* Material for this task:
.....

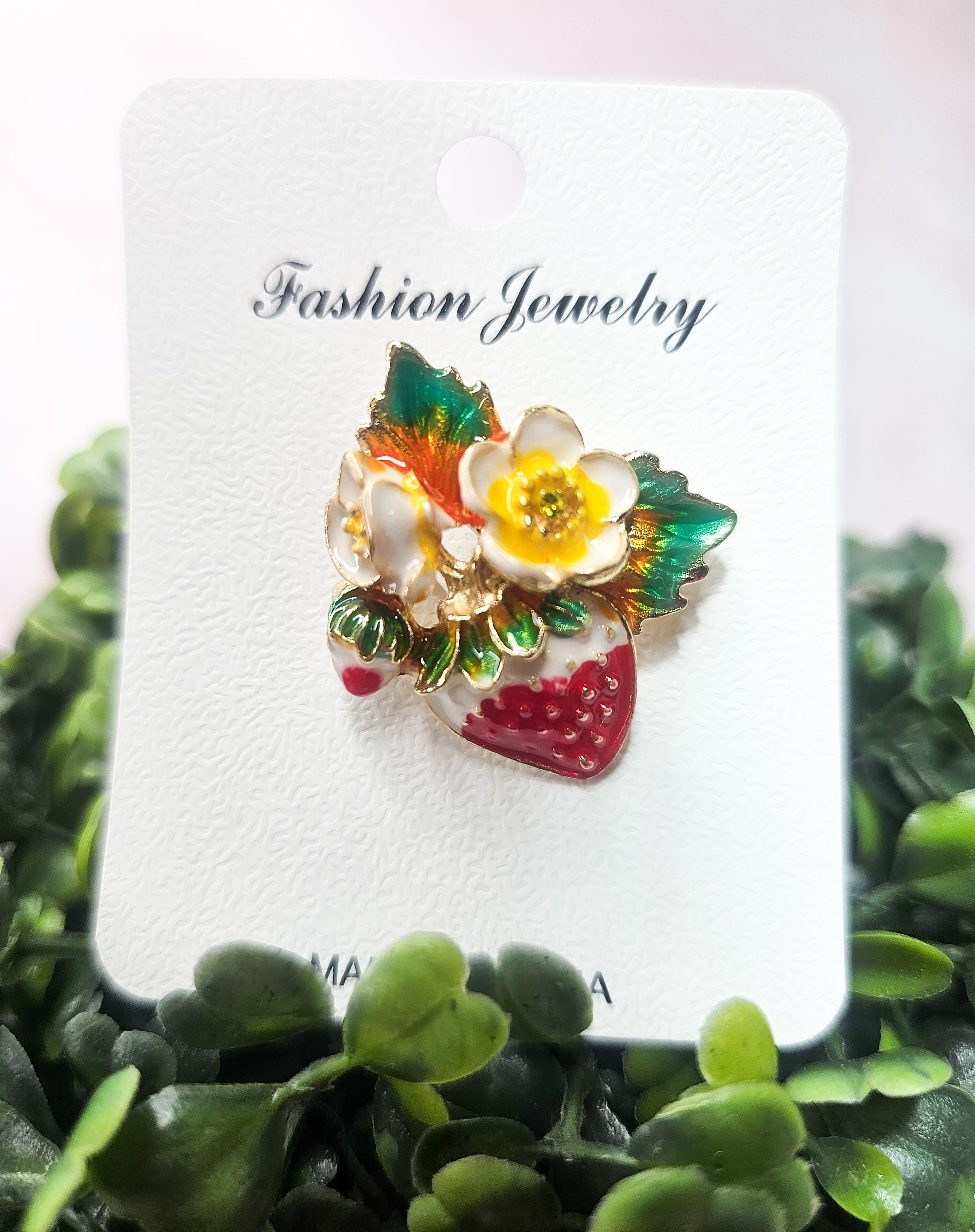 description: The Strawberry Pant Brooch features a uniquely designed strawberry motif, ideal for adding a touch of nature-inspired elegance to any attire. This accessory combines aesthetic appeal with versatility, making it suitable for various occasions. Its durable construction ensures long-lasting wear, while the distinctive design can enhance personal style.
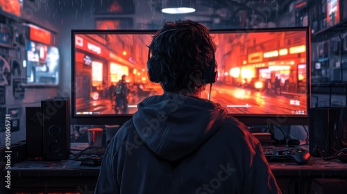A gamer immersed in a vibrant, neon-lit environment, focused on an action-packed screen.
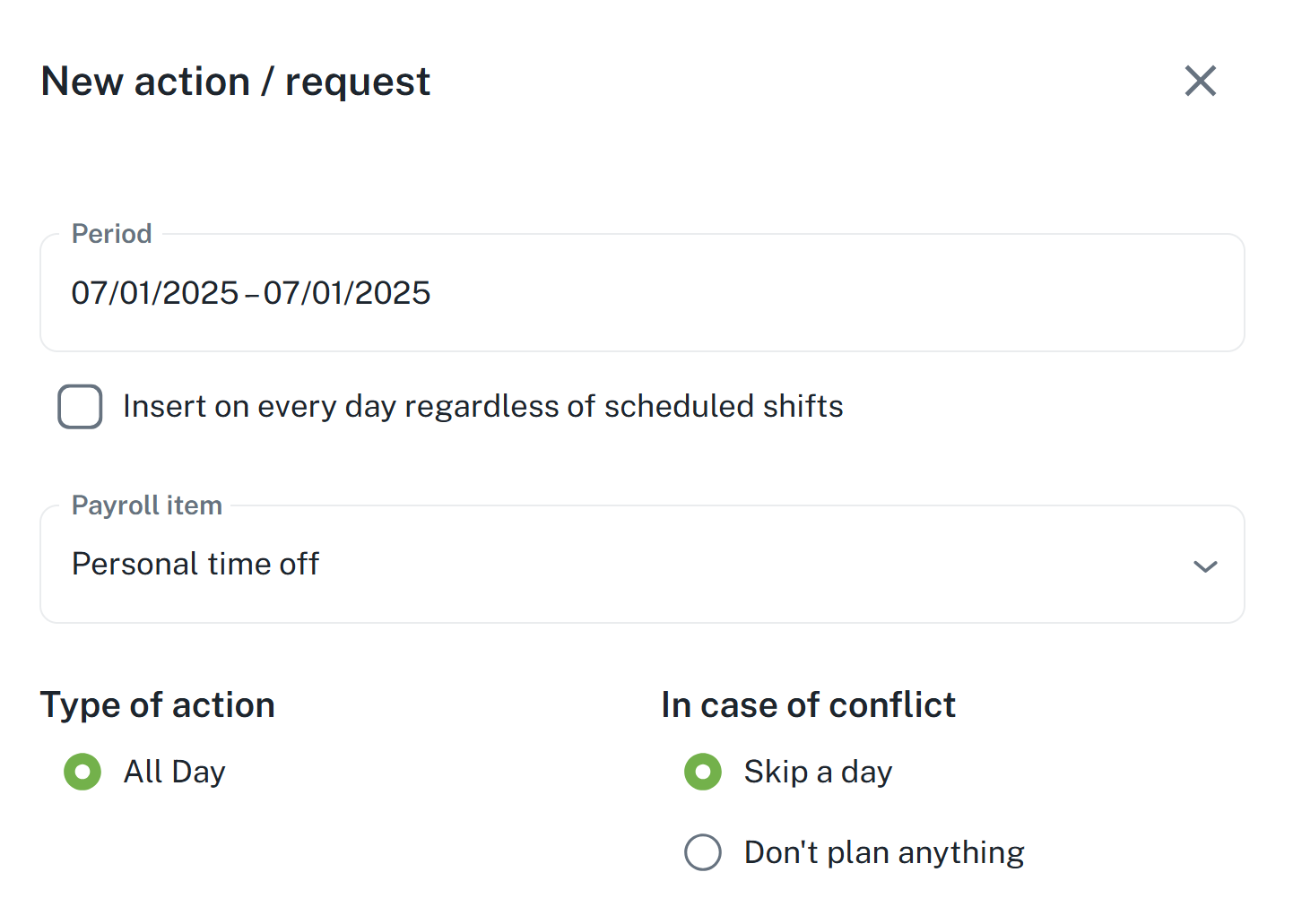 Schedule a new event – Opens the form to create a new event. Select the time period (automatically set by selecting the day/days), payroll item, event type, and option in case of a conflict. For more information about creating requests, please refer to the manual Requests:
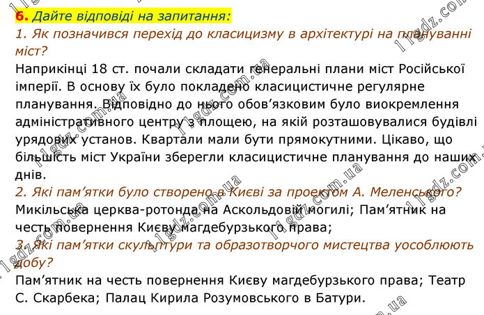 6. Дайте відповіді на запитання: 1. Як позначився перехід до класицизму в архітектурі на плануванні міст? Наприкінці 18 ст. почали складати генеральні плани міст Російської імперії. В основу їх було покладено класицистичне регулярне планування. Відповідно до нього обов’язковим було виокремлення адміністративного центру з площею, на якій розташовувалися будівлі урядових установ. Квартали мали бути прямокутними. Цікаво, що більшість міст України зберегли класицистичне планування до наших днів. 2. Які пам’ятки було створено в Києві за проектом А. Меленського? Микільська церква-ротонда на Аскольдовій могилі; Пам’ятник на честь повернення Києву магдебурзького права; 3. Які пам’ятки скульптури та образотворчого мистецтва уособлюють добу? Пам’ятник на честь повернення Києву магдебурзького права; Театр С. Скарбека; Палац Кирила Розумовського в Батури.
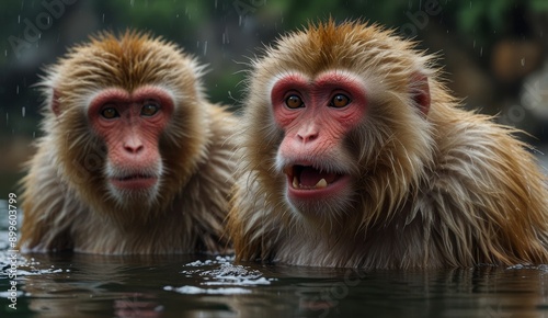 © Василь Тігай, Naklejka premium Curious Monkeys in Rainy Water
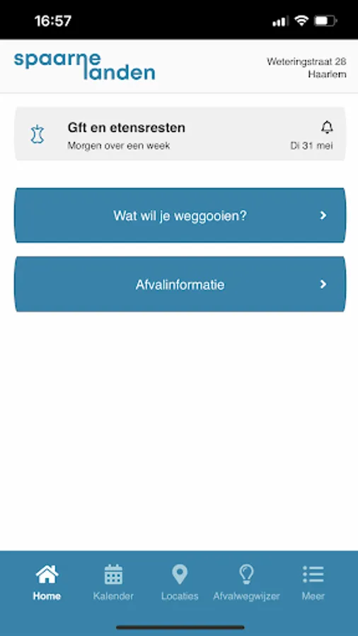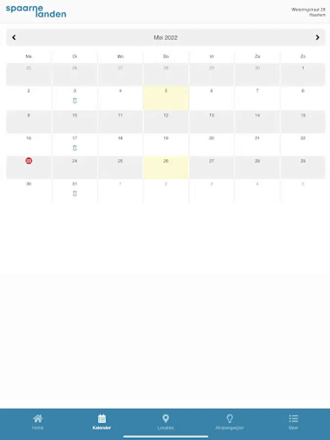 Download the Spaarnelanden app and enter your postcode and house number. The calendar shows when we collect various waste in your street. Also in the waste pointer which waste goes where. Convert reports to get a message retrieval of waste and other news.
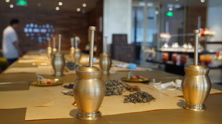 制作香囊需要的中草药以及工具。新华网记者 李晏摄

.....

* The problem:
Starting at the line that holds "in Rainy Water", retype every line through the end of the data, both ends included. Pictures stay out of the copy.

* Completed exercise:
 © Василь Тігай, Naklejka premium Curious Monkeys in Rainy Water
 Download the Spaarnelanden app and enter your postcode and house number. The calendar shows when we collect various waste in your street. Also in the waste pointer which waste goes where. Convert reports to get a message retrieval of waste and other news.
 制作香囊需要的中草药以及工具。新华网记者 李晏摄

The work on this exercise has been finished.